Applying function to columns of a Pandas DataFrame, conditional on data type
This comment is correct. This behaviour is by design. Pandas "applies" the type that is highest up in the type hierarchy for all dtypes given.
Consider applying the function to only "A",
df[['A']].apply(dtype_fn)
int64
A int64
dtype: object
And similarly, with only "A" and "B",
df[['A', 'B']].apply(dtype_fn)
float64
float64
A float64
B float64
dtype: object
Since you have multiple types, including string in your original DataFrame, the common type for them all is object
.
Now this explains the behaviour, but I still need to address the fix. Pandas offers a useful method: Series.infer_objects
which infers the dtype and performs a "soft conversion".

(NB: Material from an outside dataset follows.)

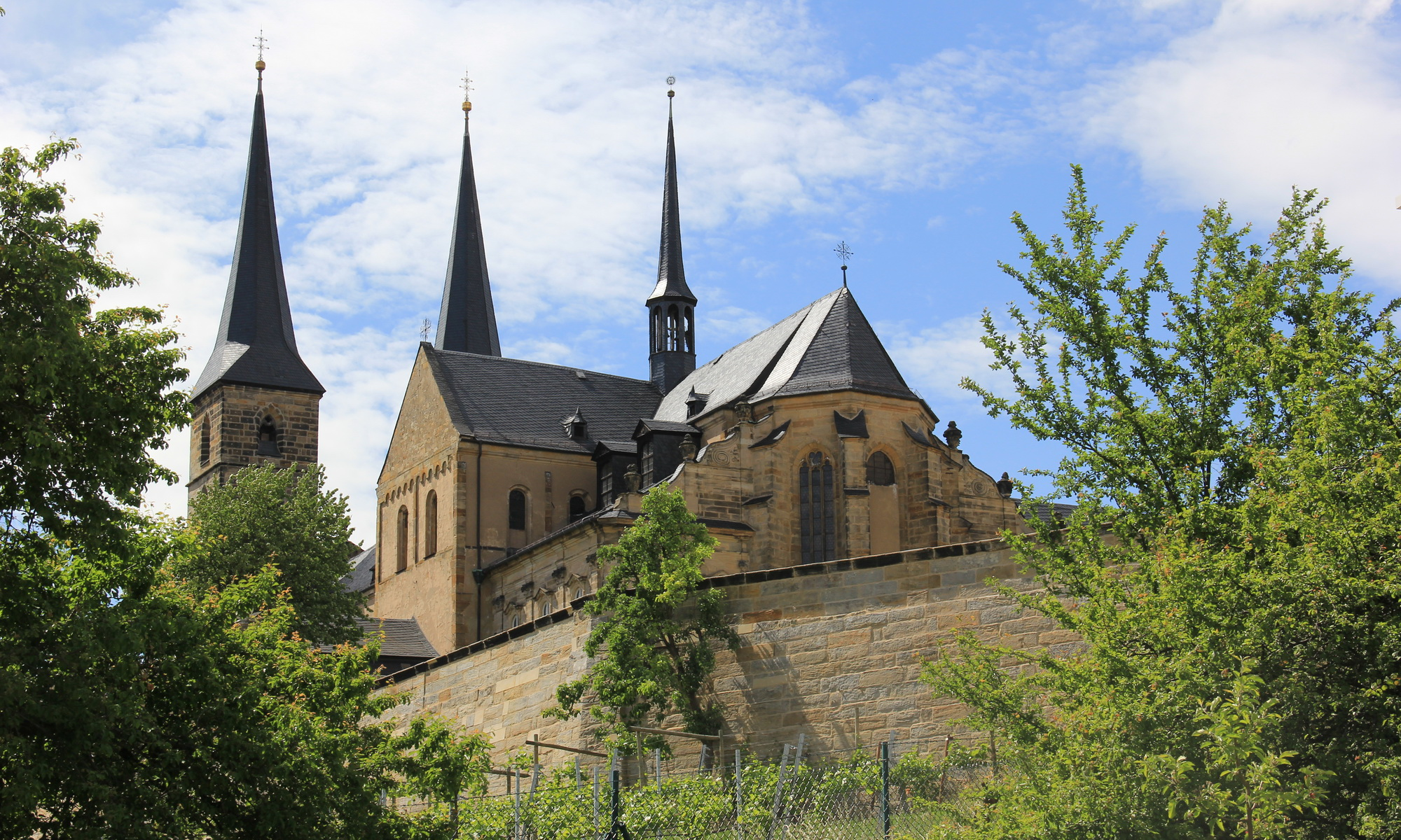 Michaelsberg Abbey Native nameKloster MichelsbergLocationBamberg, eee, GermanyCoordinates49° 53′ 37″ N, 10° 52′ 38″ E Established1015Authority control : Q555168 VIAF: 267690333 LCCN: nr90002797 GND: 16135818-4 WorldCat institution QS:P195,Q555168

If you really need the type in the function, you can perform a soft cast before calling dtype
. This produces the expected result:
def dtype_fn(the_col):
the_col = the_col.infer_objects()
print(the_col.dtype)
return(the_col.dtype)
df.apply(dtype_fn)
int64
float64
object
bool
A int64
B float64
C object
D bool
dtype: object
The actual input to your dtype_fn
is a Pandas Series object. You can access the underlying type by modifying your method slightly.
def dtype_fn(the_col):
print(the_col.values.dtype)
return(the_col.values.dtype)
For more info about why this is the case, you can have a look at this answer. There it says
This is not an error but is due to the numpy dtype representation: https://docs.scipy.org/doc/numpy/reference/arrays.scalars.html.